4.2 Implementation details
The method proposed in this paper use the Adam Optimizer (Kingma and Ba, 2015) to update the network parameters, with a batch size of 16 and a total of 100 training epochs. During training, a dynamic learning rate adjustment strategy is utilized: the learning rate gradually increases from an initial value of 1 × 10−4 to 1 × 10−3 over the first 20 epochs, and then decreases from 1 × 10−3 to 1 × 10−4 after the 20th epoch. Additionally, we set the hyperparameter λ to 0.2. This method is implemented using the PyTorch framework and trained on a single NVIDIA GeForce RTX 4090 GPU.
4.3 Evaluation metrics
To quantitatively compare the method proposed in this paper with existing methods, we adopted six widely used objective evaluation metrics in the field of image fusion: Gradient-based fusion performance (QAB/F; Xydeas and Petrovic, 2000), Chen-Varshney metric (QCV; Chen and Varshney, 2007; Liu Y. et al., 2024), Structural similarity index measure (QSSIM; Wang et al., 2004), Average gradient (QAG; Zhang X. et al., 2020), Visual information fidelity (QVIF; Ma et al., 2019a), and Sum of correlation differences (QSCD; Aslantas and Bendes, 2015). Among these metrics, QAB/F measures the retention of edge information from the source images in the fused image. A higher value indicates that the fused image contains richer edge information. QCV evaluates the quality of the fused image based on human visual perception, with smaller values indicating better perceptual quality. QSSIM assesses the similarity between the fused image and the source images in terms of brightness, contrast, and structure. A larger value suggests less information loss and lower distortion in the fused image. QAG quantifies the texture detail information in the fused image, with larger values indicating richer texture details. QVIF evaluates the shared information between the fused image and the source images based on human visual systems. A higher value indicates better visual fidelity of the fused image. QSCD uses the differential image between the source and fused images to assess the amount of information transfer. Larger values suggest smaller information differences between the fused and source images. Among these metrics, QAB/F, QSSIM, QAG, QVIF, and QSCD are positive indicators, meaning that larger values indicate better fusion performance of the compared methods. In contrast, QCV is a negative indicator, where smaller values represent better fusion performance of the compared methods.

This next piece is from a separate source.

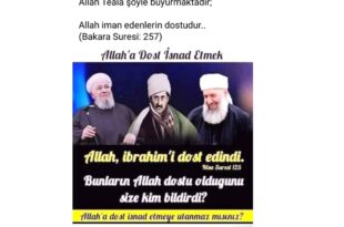 Onlar, hoşlarına gidenlere: “Falanlar, filanlar Allah’ın velisidir” derler. Biz, Kur’an’ın veli tanımına inanır, “Allah, inananların velisidir” deriz. (Bakara, 2/257) ֍ Onlar, Allah’a veli isnat eder, “Bunlar bizim evliyalarımızdır” derler. Biz, Allah’ı bırakıp da “O’ndan başka velilerin peşinden gitmeyin.” deriz. (A’râf, 7/3) ֍ Onlar: “Allah’a giden yollar çoktur, istediğiniz yoldan …

4.4 Comparison experiments
To validate the superiority of the method proposed in this paper compared to existing SOTA fusion methods, we designed two experimental setups. In the first experiment, we compared our method with advanced fusion methods to highlight its advantages in visual quality and objective evaluation. The second experiment aimed to assess the generalization capability of our proposed method, where we conducted qualitative and quantitative comparisons on the untrained dataset TNO. Through these two experimental setups, we aim to provide a comprehensive and precise evaluation of the fusion performance of our proposed method.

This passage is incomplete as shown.